There’s still no agreement on a state budget for the fiscal year that starts Sunday, but the key figures involved in the negotiations met for an hour Monday and are at least talking about the contours of a deal.

That’s the good news. On the other hand, the Senate and Assembly each added three more voting sessions to their calendar – on Friday, Saturday and Monday. The new fiscal year starts Sunday – and with it, the prospect for a state government shutdown if a budget hasn’t been enacted.

Gov. Phil Murphy announced his administration estimates that the budget passed last Thursday by the Legislature comes in around $855 million out-of-balance, and he said he would reluctantly cut spending using his line-item veto if there’s not an agreement on a budget.

“If need be, and their lack of presenting sustainable revenues, that’s unfortunately the option that you’d be left with,” Murphy said. “Which is a shame, given that the investments that of all us want so desperately in this budget are embedded in it.”

Asked if people don’t believe that a liberal Democrat would do it, the first-year governor and former Goldman Sachs executive said he would.

“They don’t know me. It’s not something I’m looking forward to. We’re all going to suffer from it,” said Murphy. “But we’re not going to do the same-old, same-old anymore in this state.”

Murphy wouldn’t speculate on what line items he would reduce or delete.

“You’d have to make cuts,” he said. “You hope you get out of this in a way that these folks don’t force our hand to do some tough things.”

Assembly Minority Leader Jon Bramnick, R-Union, said he’s good with spending cuts.

“You’ve got to think that, in order to threaten another Democrat, the threat is, ‘We’re going to limit spending. You don’t stop it, we’re going to cut spending.’ I don’t think that’s a threat to Republicans,” Bramnick said.

Though Murphy talked about the line-item veto, in response to questions at an afternoon news conference, he also sounded more conciliatory, in advance of the late-day meeting to which he invited around a dozen Democratic lawmakers.

“I have said from the get-go, or at least over the last number of weeks, that there’s a framework of available alternatives that I think could add up in some combination to a deal,” Murphy said.

He said that framework could include a “re-characterized” corporate business tax, which is a cornerstone of the Legislature’s budget, and maybe accepting a tax amnesty proposal, first pitched by Assembly Speaker Craig Coughlin and included in the budget as a $150 million source of revenue.

Senate President Stephen Sweeney, D-Gloucester, supports a two-year surcharge on corporate taxes applicable to businesses with at least $1 million in New Jersey-based profits. The Democratic majority says it would generate around $805 million a year, and that the Office of Legislative Services backs up that forecast, but the Murphy administration contends it would bring in $233 million less.

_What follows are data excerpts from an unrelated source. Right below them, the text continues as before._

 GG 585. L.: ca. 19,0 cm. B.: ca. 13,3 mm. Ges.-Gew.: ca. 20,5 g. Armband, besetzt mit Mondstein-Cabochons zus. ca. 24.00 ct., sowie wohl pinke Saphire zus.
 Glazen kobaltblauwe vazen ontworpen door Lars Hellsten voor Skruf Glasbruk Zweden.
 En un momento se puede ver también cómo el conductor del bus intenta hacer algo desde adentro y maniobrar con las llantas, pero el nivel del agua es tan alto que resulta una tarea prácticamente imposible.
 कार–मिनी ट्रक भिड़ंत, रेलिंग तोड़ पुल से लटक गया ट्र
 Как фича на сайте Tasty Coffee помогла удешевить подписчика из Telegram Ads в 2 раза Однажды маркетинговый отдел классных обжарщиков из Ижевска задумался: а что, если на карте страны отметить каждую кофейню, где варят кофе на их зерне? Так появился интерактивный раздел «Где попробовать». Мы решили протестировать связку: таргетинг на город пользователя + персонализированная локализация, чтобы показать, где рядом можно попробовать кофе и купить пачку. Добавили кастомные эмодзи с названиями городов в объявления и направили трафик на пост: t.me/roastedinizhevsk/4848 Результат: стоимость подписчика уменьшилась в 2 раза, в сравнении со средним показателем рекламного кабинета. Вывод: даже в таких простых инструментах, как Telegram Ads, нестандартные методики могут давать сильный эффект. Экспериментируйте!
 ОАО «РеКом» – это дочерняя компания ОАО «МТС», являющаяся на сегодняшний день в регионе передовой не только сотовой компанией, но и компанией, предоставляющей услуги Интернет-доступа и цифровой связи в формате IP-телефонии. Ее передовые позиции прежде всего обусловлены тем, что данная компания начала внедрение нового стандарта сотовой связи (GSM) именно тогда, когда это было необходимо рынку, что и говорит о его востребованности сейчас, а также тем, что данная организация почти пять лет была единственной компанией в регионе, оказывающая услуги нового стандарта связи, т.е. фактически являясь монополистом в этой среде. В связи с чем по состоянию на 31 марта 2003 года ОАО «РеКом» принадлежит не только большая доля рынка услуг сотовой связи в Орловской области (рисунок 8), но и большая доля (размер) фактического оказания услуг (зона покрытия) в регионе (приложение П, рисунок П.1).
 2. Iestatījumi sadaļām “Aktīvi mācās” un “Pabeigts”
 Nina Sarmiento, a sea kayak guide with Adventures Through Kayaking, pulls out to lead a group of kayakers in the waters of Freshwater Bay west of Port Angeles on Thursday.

Sweeney said he was surprised by the numbers but that “we don’t feel we’re that far away.” He indicated he’d be willing to extend the surcharge longer than two years, though not make it permanent.

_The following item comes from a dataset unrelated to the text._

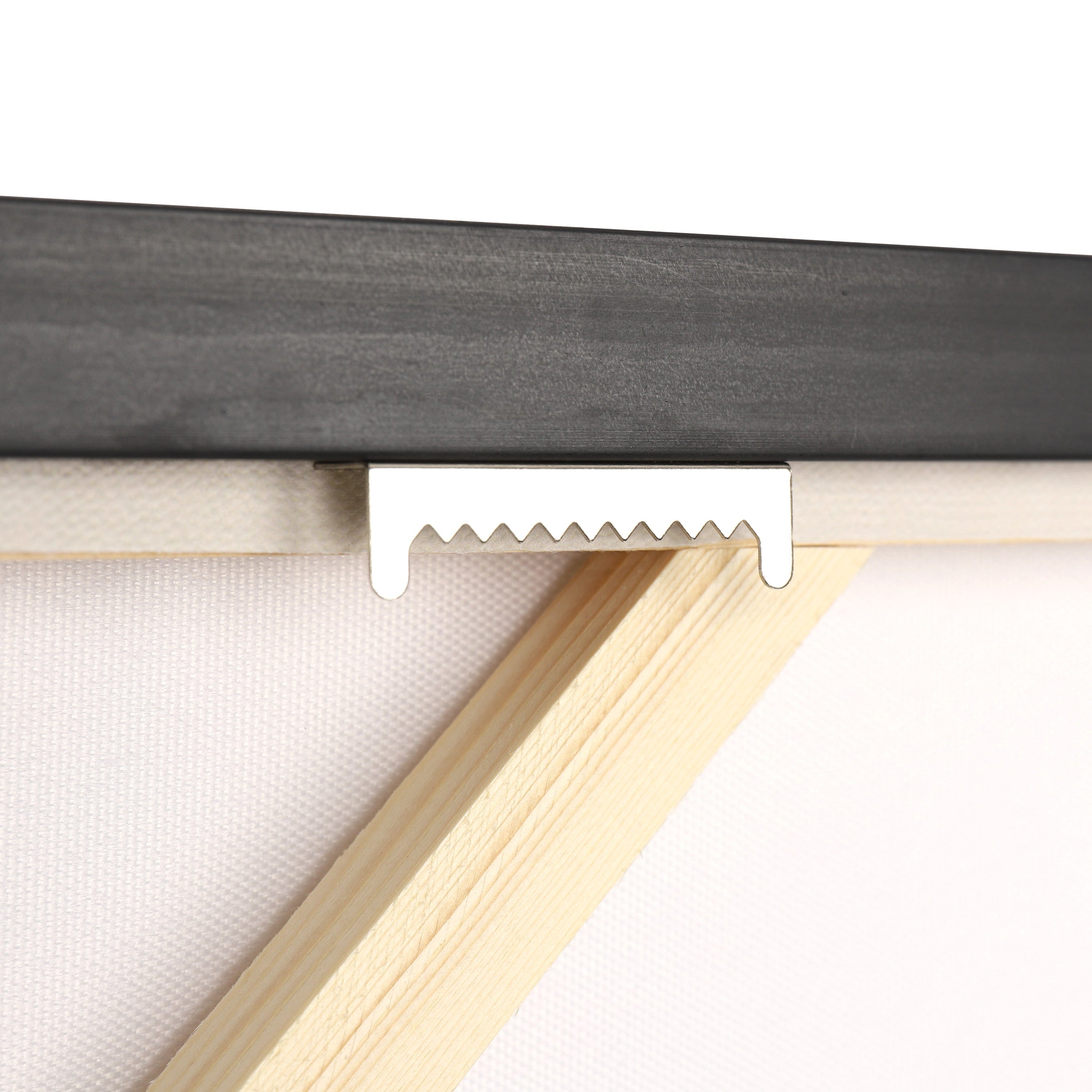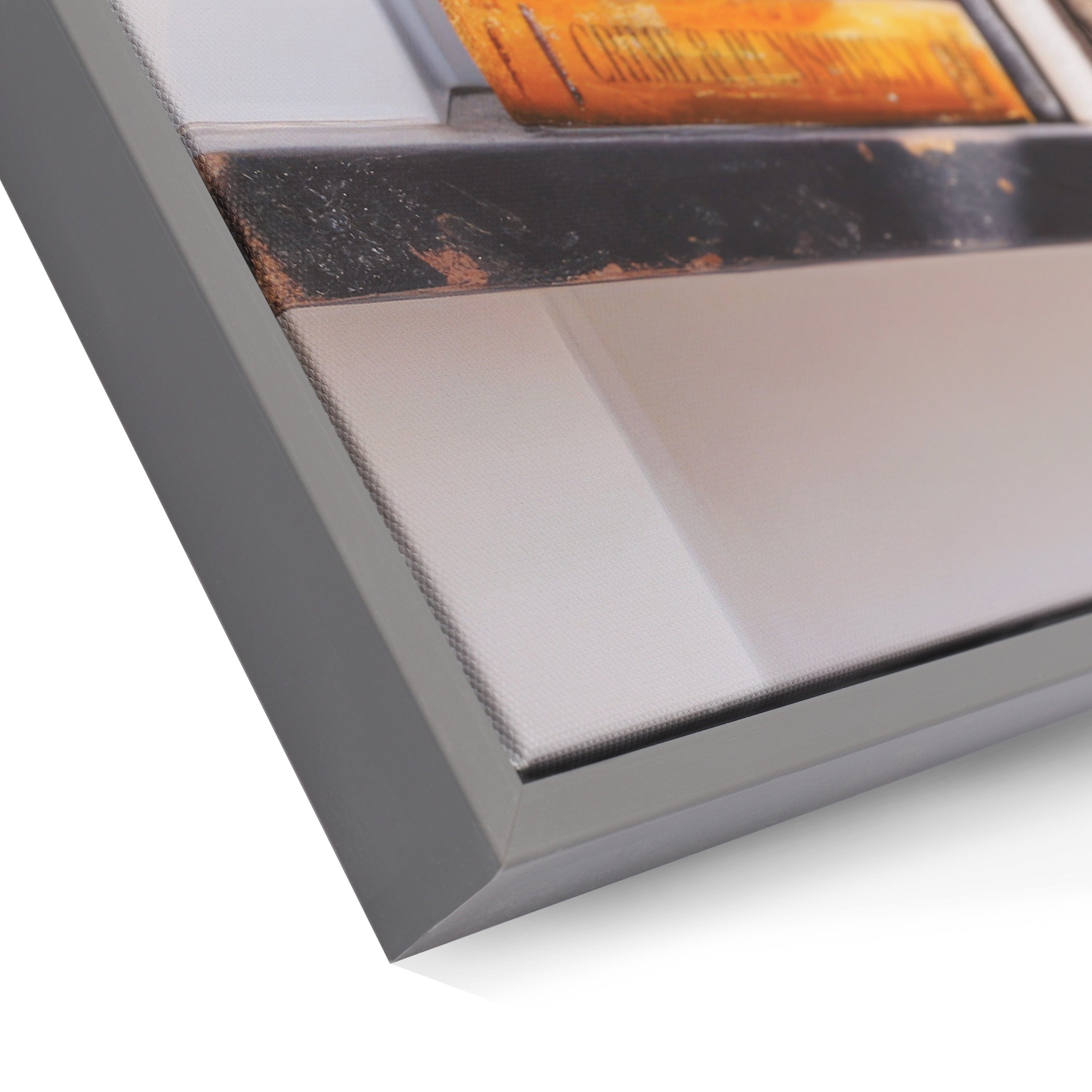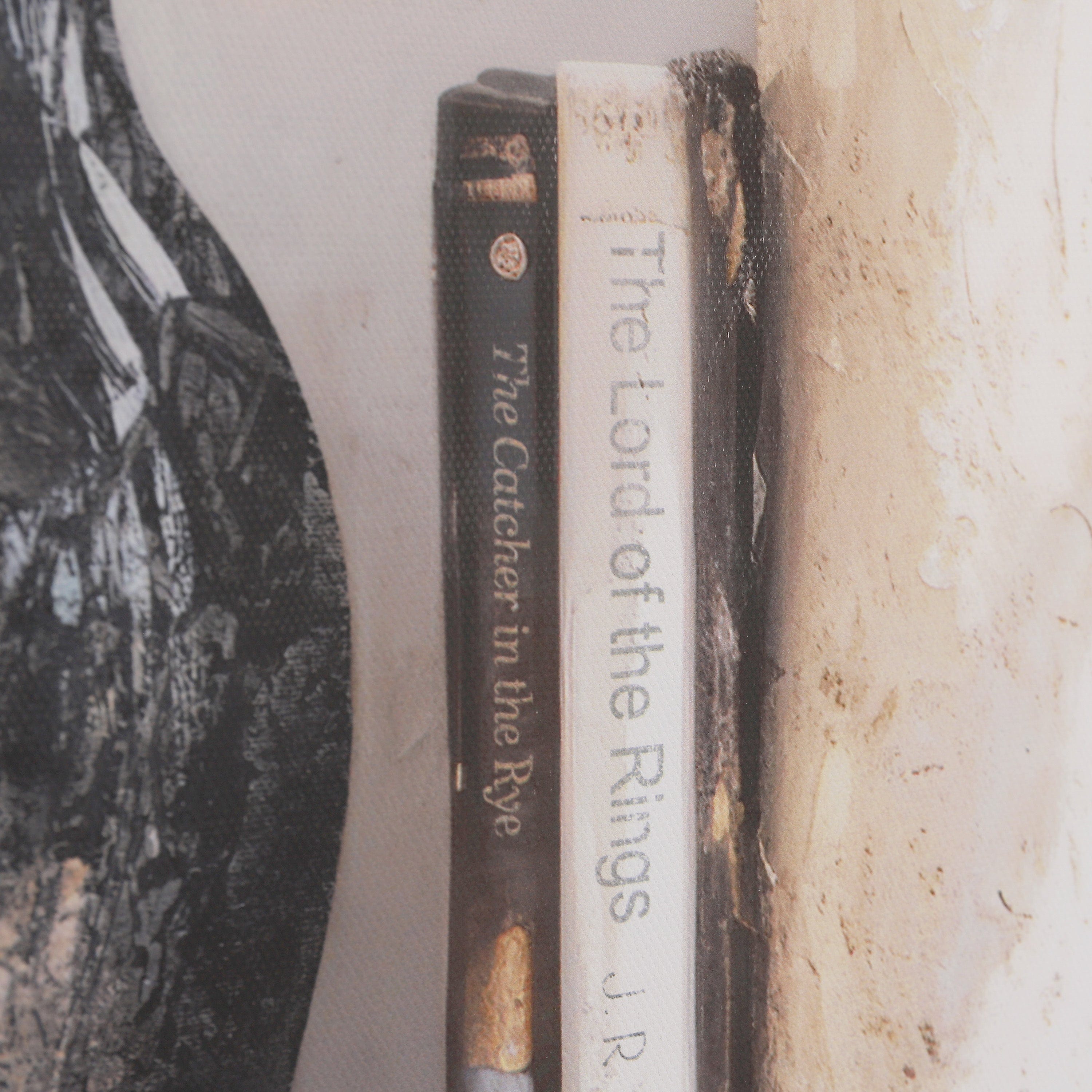 An assortment of classic literature sits neatly on an ageing bookshelf. Tucked into a cove, the shelf reveals a host of distinguished authors who span a range of novel themes. The well-thumbed assortment sits among ceramic vintage vases that reveal their texture in the sun's golden rays beaming through an adjacent window. Karen Reavill captures this simple view with a range of muted paints. Printed onto canvas, the wall art completes itself with a slimline dark grey frame.

“I’ve always said as part of a negotiation, I’ve said this publicly: I’m willing to extend that, as part of a settlement at the end,” Sweeney said.

“I’ve always said I’m open to extending it as part of a deal,” he said. “But we got to get to what the deal is at that point. Right now, we don’t have a deal.”

The Murphy administration says the corporate business tax revenues are also overestimated by $114 million in how it projects the impact of the federal tax cuts and that the budget includes $69 million in marijuana taxes that shouldn’t be listed because the Senate and Assembly haven’t missed the bill legalizing the drug for adult use.

Coughlin defended the revenue estimates before Murphy’s news conference.

“Our numbers are supported by the nonpartisan Office of Legislative Services, which has an unparalleled level of accuracy over the years,” Coughlin said.

Murphy said the Treasury Department is now able to estimate the fiscal impact of last Thursday’s Supreme Court expanding states’ ability to require sales taxes to be collected for online sales to residents by out-of-state retailers.

Murphy said it is estimated at $200 million a year, though only around $125 million for fiscal 2019.

It wouldn’t start being collected until Oct. 1, which would reduce the impact in the first fiscal year to $150 million. And he said the Treasury Department was already expecting to collect around $25 million of that through an enforcement effort independent of the Supreme Court ruling.

“If it’s more than that, I’ll be the happiest guy in the state. I hope it is,” Murphy said. “But again, we got to make a responsible guess on that.”

Murphy and Sweeney indicated there’s no need to worry yet about a government shutdown.

“I remain committed to enacting a balanced budget on time,” Murphy said. “And we still have five-plus days to go. There is plenty of time to get this done, and there is no logical reason, no logical reason, it can’t be done.”

“I’m not concerned,” Sweeney said. “It’s Monday. We have all week.”